Islamabad, Feb 4 (IANS) Pakistan’s illicit gun culture is not accidental but a product of instability and the outcome of decades of conflict, permissive governance, and a deeply embedded social relationship with weapons, a report has stated.
“The country’s modern landscape of arms trafficking and illegal gun ownership sits at the intersection of geopolitics, criminal enterprise, and cultural tradition, an ecosystem where state fragility and societal norms reinforce one another, allowing the trade in small arms and light weapons to flourish,” Fatima Chaudhary, a lecturer at a private university in Pakistan’s Punjab province, wrote in a report in Afghan Diaspora Network.
“The past two decades of militancy, suicide bombings, and attacks on security forces have created fertile ground for organised crime. As the state’s attention and resources were consumed by counterterrorism, criminal markets expanded in the shadows. Heroin trafficking surged alongside a rising domestic addiction crisis, and weapons flowed through the same routes, carried by the same networks,” the author further stated.
In 2023, Interpol’s Operation Trigger Salvo II revealed the scale of this underground economy as hundreds of firearms, components, and rounds of ammunition were seized in Pakistan, especially in areas which share border with Afghanistan. These seizures demonstrated only a fraction of the weapons that were circulating in the region.
The US forces withdrawal from Afghanistan in 2021 further increased the problem. After taking control of Afghanistan, Taliban also obtained vast quantities of US-supplied military equipment abandoned by retreating forces. Pakistan also obtained these weapons by smuggling some across borders and others traded through long‑established tribal networks. Although individuals need to have licenses to own a gun in Pakistan, however, millions of ammunition remain unregistered and illegal weapons are available in markets, workshops, and online platforms.
“Pakistan ranks among the top 25 countries in civilian gun ownership, with an estimated 22 firearms per 100 civilians according to the Small Arms Survey. Yet unlike the United States, where gun ownership is heavily commercialised, Pakistan’s weapons economy is overwhelmingly illicit,” Chaudhary wrote in Afghan Diaspora Network.
“Small arms fuel the operations of criminal groups, militant outfits, and urban gangs. The arrest of a serving Khyber Pakhtunkhwa policeman in April 2024 caught smuggling small arms into Karachi illustrated how deeply entrenched these networks have become. Buyers place orders through social media, dealers in KP arrange the supply, and couriers like the arrested officer deliver weapons across provincial lines. The demand is high, and the risks are low,” the author added.

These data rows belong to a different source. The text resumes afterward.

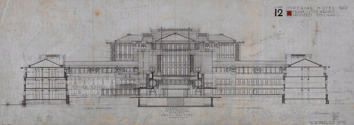 日本初公開となる精緻で華麗な建築図面や、3Dプリンタで制作した100年前の帝国ホテル模型など見どころ満載。帝国ホテル二代目本館(東京、日比谷)第2案 1915年 横断面図 コロンビア大学エイヴリー建築美術図書館フランク・ロイド・ライト財団アーカイヴズ蔵 The Frank Lloyd Wright Foundation Archives (The Museum of Modern Art | Avery Architectural & Fine Arts Library, Columbia University, New York)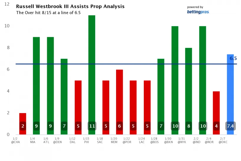 Westbrook has consistently averaged 7.6 assists per game over the last two months, so it's quite surprising that his total is 6.5 in a game like this. Even on the season, it's at 7.5, so reaching seven assists is quite reasonable with his playtime. He's reached at least seven in four of his last five games.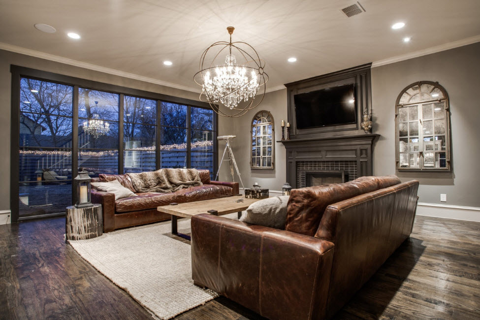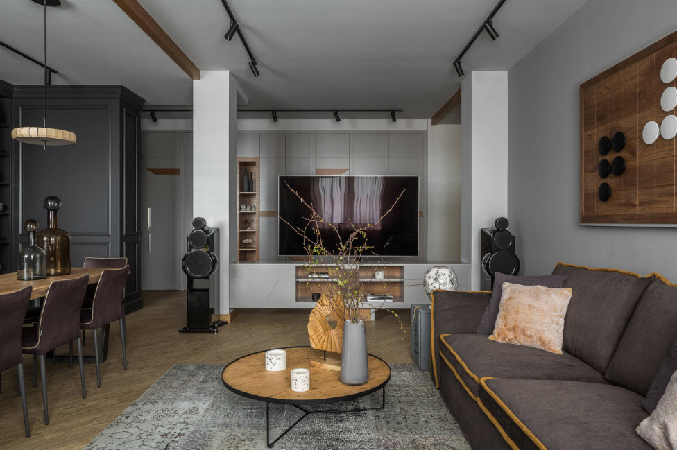 В последнее время популярно использование натуральных материалов и экологически чистых интерьеров, поэтому обратите особое внимание на древесину и натуральный камень. Деревянные панели создают уютную и комфортную обстановку, при этом интерьер большой гостиной будет не только натуральным, но и достаточно живым, интересным и привлекательным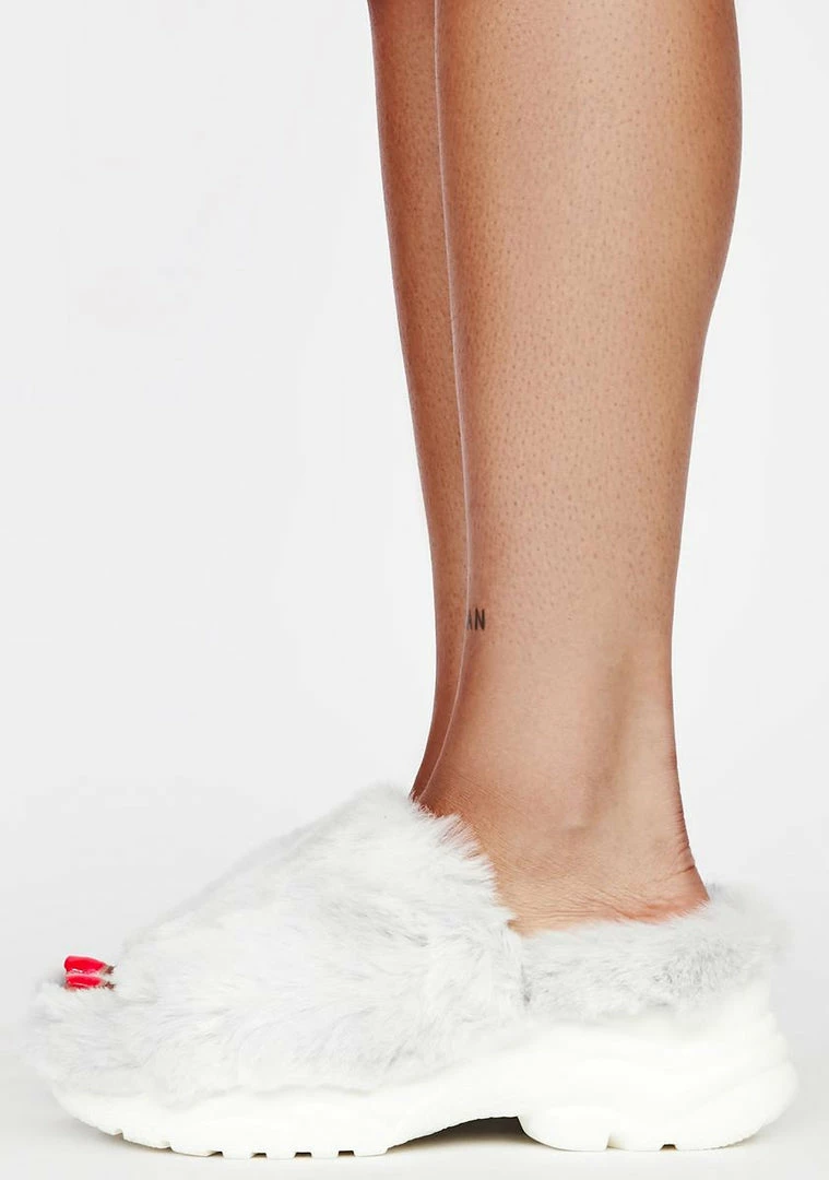 feature multi-colored faux fur uppers, peep toes, a slip on style, and chunky platform soles.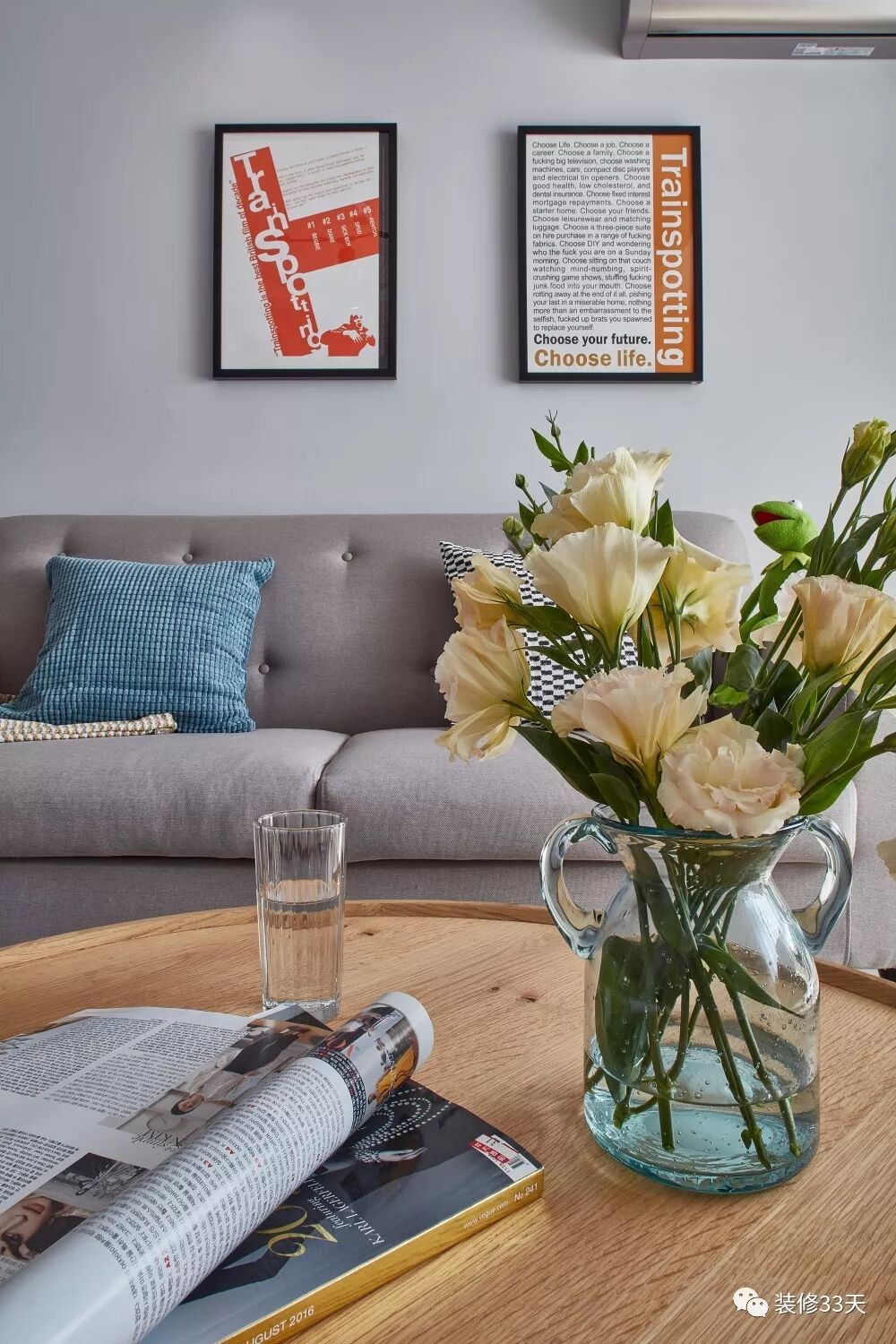 ▲ 客厅,一席厚软的高级灰沙发、一张提亮空间的明黄单人沙发椅和一张不占据位置的原木茶几,轻松勾勒出居家舒适度
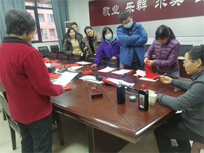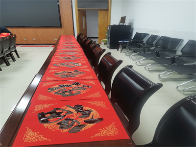 公司邀请刘德敏老师为大家挥毫泼墨书写春联。老师们手里拿着公司准备好的喜庆的红色春联纸,谈论着关于春联、书法的话题,围着刘德敏老师排着队,把春节的氛围感直接拉满整个会议室。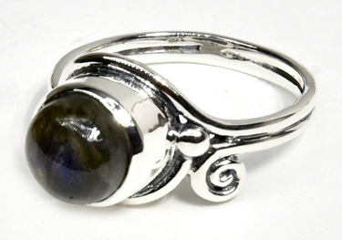 A finely handcrafted Labradorite round ring set on a lifted setting. Wonderful spiral detailing in the sterling silver and great energy from the amazing polished Labradorite. Stamped .925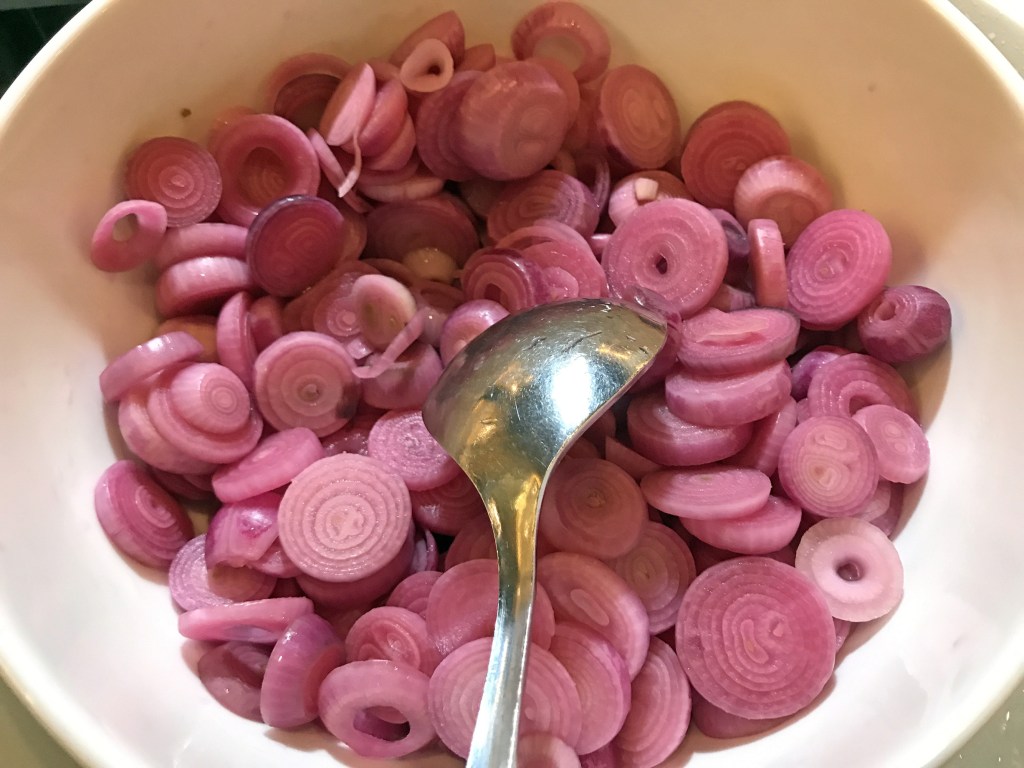 Es tan fácil como picar una cebolla morada en juliana y calentar medio vaso de vinagre —al gusto; uno de sidra de manzana, por ejemplo, va muy bien— y medio de agua con una cucharadita de sal en un cazo.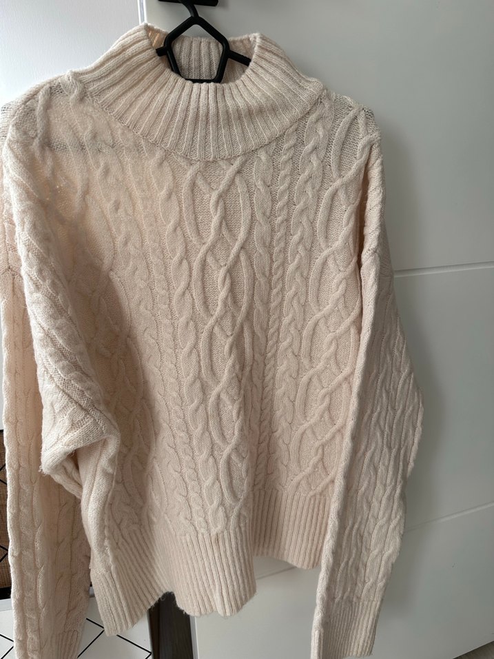 Bej renkli, yüksek yakalı ve uzun kollu örgü kadın kazak. Rahat kesimi ve pastel tonu ile günlük kullanıma uygun, konforlu bir normcore tarz sunar.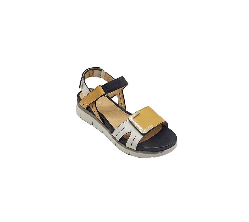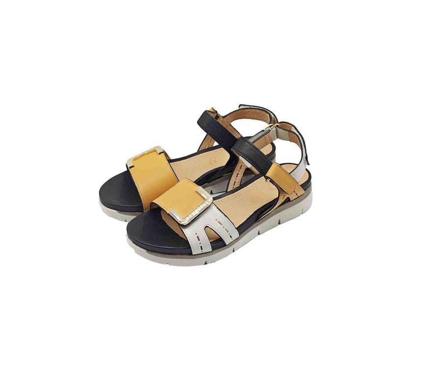 Descubre las sandalias StoneFly bicolor en negro y mostaza vibrante, con plataforma de 6 cm y tiras ajustables con hebilla para un ajuste seguro.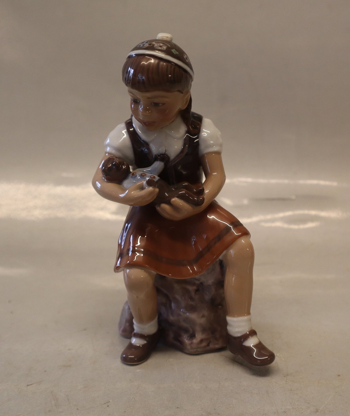 Dahl Jensen 1295 Lille pige "Bente" 14,5 cm (DJ). Mærket med kongelig krone og DJ Copenhagen i hel og fin stand. 1. sort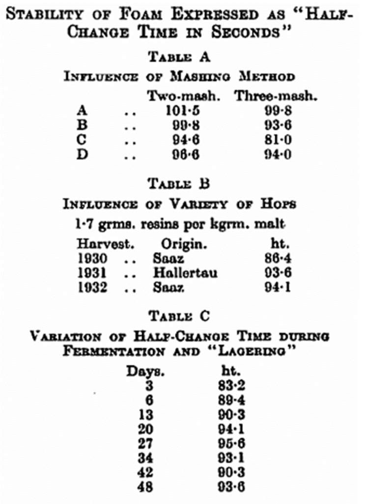 In examining the influence of the variety of hop, Saaz hops, 1930 and 1932, and Hallertau, 1931, were used. When the hop rate was kept constant, the two latter lots gave beer with a better head-retention than beer brewed with the 1930 Saaz hops. The quantities of bitter resins kept constant gave the same result; hops from the last two crops were decidedly the best. This indicates that the change which the bitter resins undergo during storage is a factor of importance (see Table B).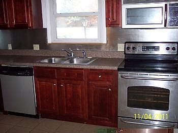 This 2 bedroom home also features a 1 car garage, new kitchen cabinets, counter top and newer appliances.  Newer bath with dble bowl sink and tile flooring. Lg bow picture window in living room. Hardwood floors. Shed. Covered patio.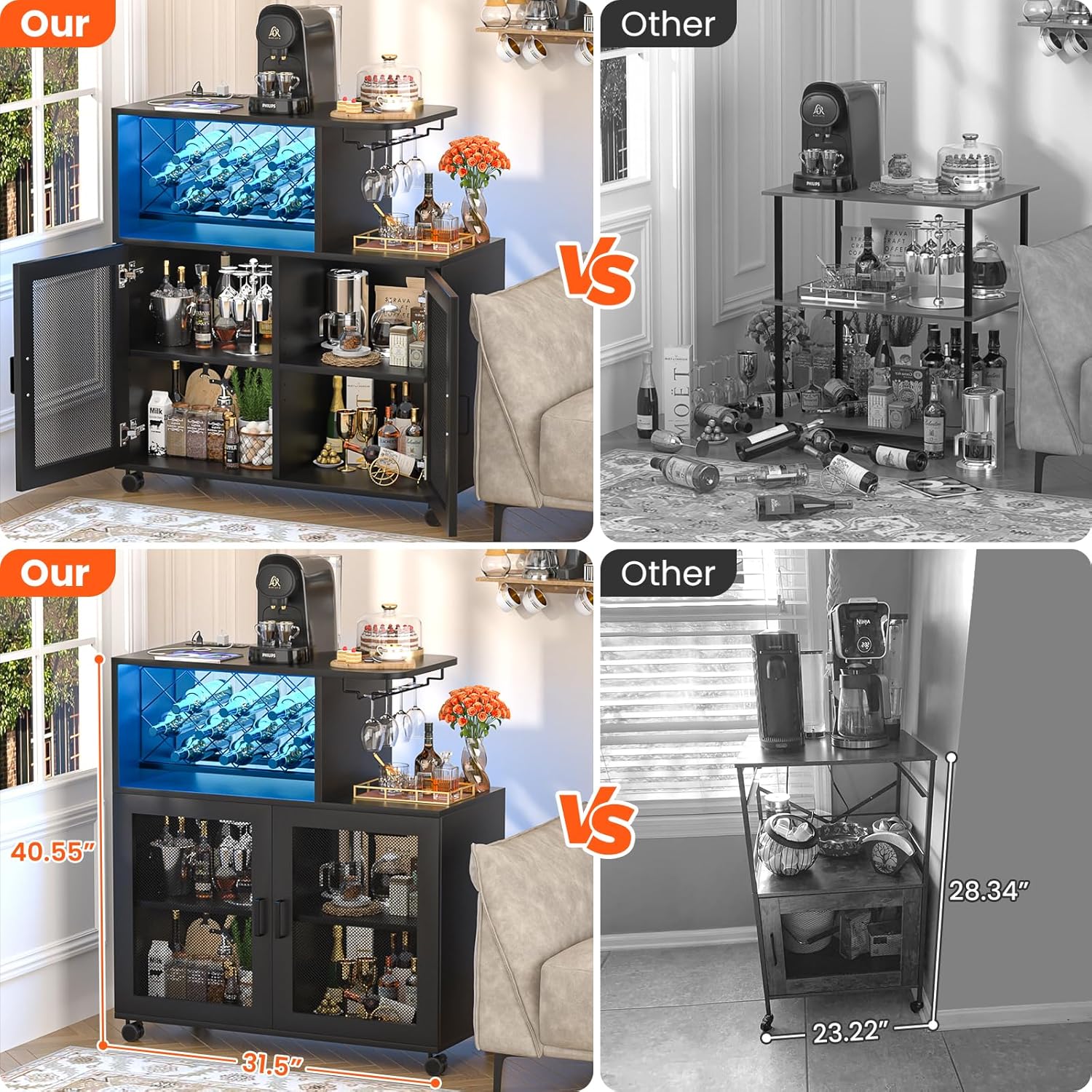 - 🍾Small Wine Bar Cabinet: Compared to other bar cabinets with a height of 28.34 ", the Girapow small bar cabinet with a height of 40.55" is ideal for placing next to the sofa as a coffee bar cabinet or as a mini home bar in the living room. There are a total of 5 wheels at the bottom, which improves stability while making it easier to move the cabinet.

Carrying arms is not only tolerated but embedded into cultural identity in several parts of Pakistan, particularly Khyber Pakhtunkhwa. Craftsmen in areas like Darra Adamkhel have made handmade copies of MP5 submachine guns, M16s, AK‑47s, and several other models. People who prefer affordability over precision over buy these ‘Khyber Pass’ firearms, often sold at a third of the price of originals.
Apart from these informal workshops, modern private manufacturers in and around Peshawar produce commercial firearms using industrial equipment. The policies of Pakistan have further increased the crisis. Civilians and private militias have also become owners of arms due to Pakistan’s distribution of gun licenses, often used as political favours or tools of patronage. In addition, online platforms, especially social media, have become market places for unlicensed weapons.
The report in Afghan Diaspora Network stated, “Pakistan’s role as a transit point for drug trafficking further intertwines narcotics and weapons smuggling. Shared routes, shared financiers, and shared transport networks mean that arms and drugs often move together. According to the Organized Crime Index, Pakistan’s arms trafficking market worsened between 2021 and 2023, scoring 8.5 out of 10, placing it alongside countries grappling with entrenched criminal economies.”